Innocent Words That Offend Some People
"Hello" and Other Innocent Words People Want Banned
There are a lot of delicate snowflakes around who find certain words objectionable, and it’s not the profane cuss words we’re talking about.
Good HeavenO
Leonso Canales Jr. was a good, God-fearing Christian. He owned a flea market in the town of Kingsville, the county seat of Kleberg County in southern Texas. He didn’t like greeting people by saying “Hello.” It’s the first four letters of the word that got his ire cranked up.
In 1997, Canales successfully lobbied the Kleberg County commissioners to designate “heavenO” as the county’s official greeting. Interviews from all around the globe followed. Some supported Mr. Canales; for others, he became the butt of jokes.
Canales died in 2014 and, since his passing, the heavenO movement has wilted.
The etymology does not support the notion that “Hello” has any connection to the inferno of damnation.
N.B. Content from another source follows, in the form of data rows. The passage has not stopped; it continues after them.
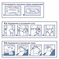 | Особенности | анатомическая форма, антибактериальные, впитывающие, гипоаллергенные, многоразовые застежки, непромокаемые, ночные, поясные, с индикатором наполнения, с нейтрализатором запаха, эластичный пояс |
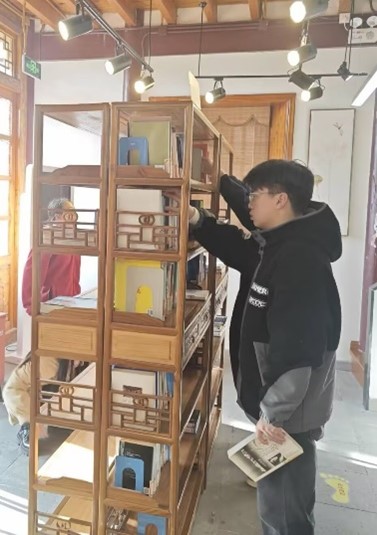 與此同時,在上河書房,“陽光志愿團”的同學們承擔整理書架和打包書本的任務,他們耐心細致地將每一本書分類歸位,確保書籍整齊擺放,方便讀者查找。為了完成這一工作,他們不僅需要細致地核對書籍分類編號,還要時刻保持對書架整體布局的關注,力求每一個細節都做到完美。同學埋頭在書架間忙碌,仔細核對書籍的標簽和編號,將同一類別的書籍歸攏放在一起。
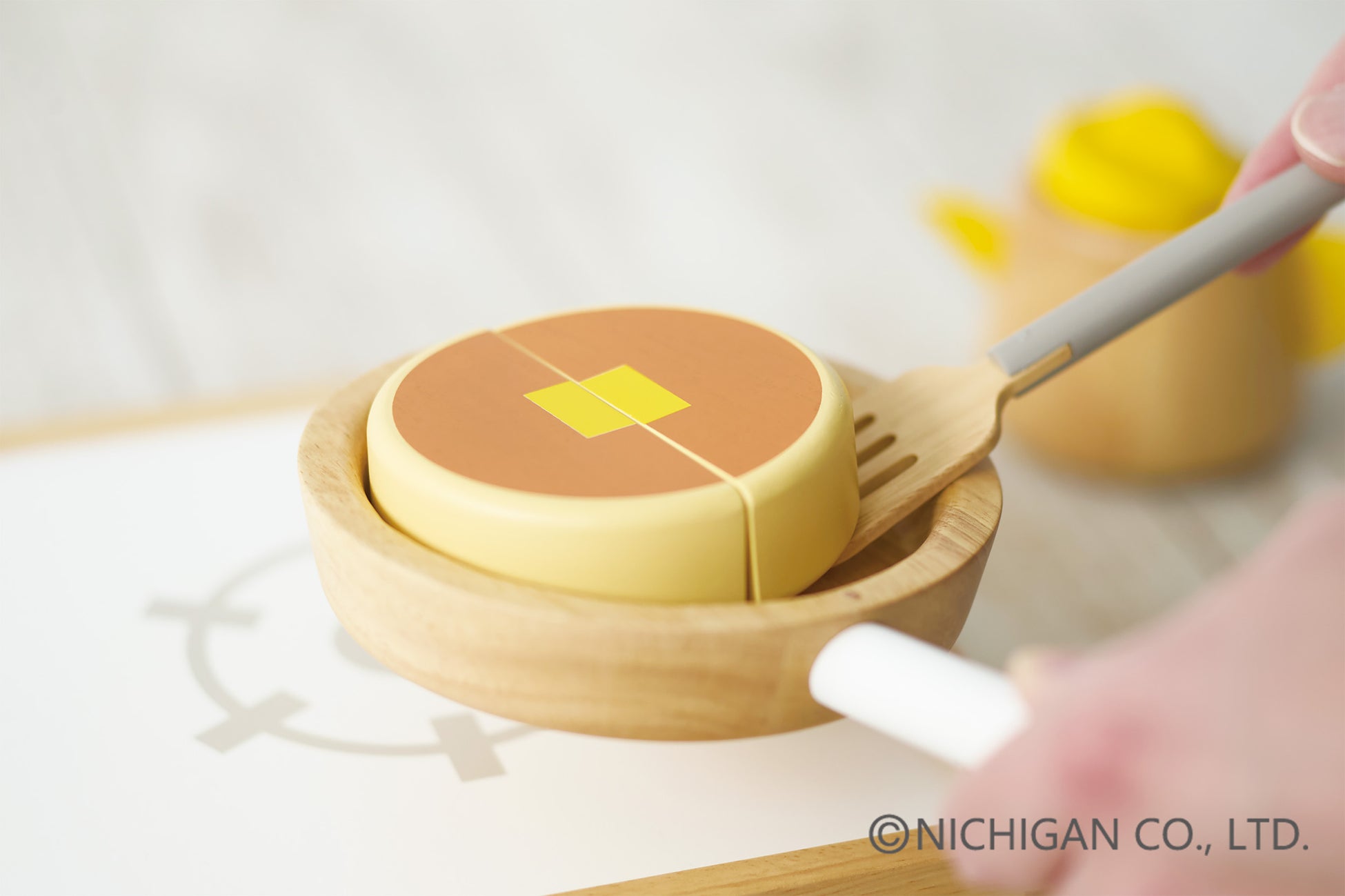 シンプルでありながら本物らしさが感じられるようパンケーキとソーセージには面ファスナーが付いており、ナイフでザクっと切る感触を味わうことが出来ます。

According to The Oxford English Dictionary, the word comes from Old High German roots such as halon, holon (“to fetch”), “used especially in hailing a ferryman.” (Of course, the fabled Charon is the ferryman of Hades, but that’s a pretty tenuous connection).
Some advice for Mr. Canales might have been: Why not spell it “Hullo” in your head when you say it? Or, this being Texas, what’s wrong with “Howdy, y’all”?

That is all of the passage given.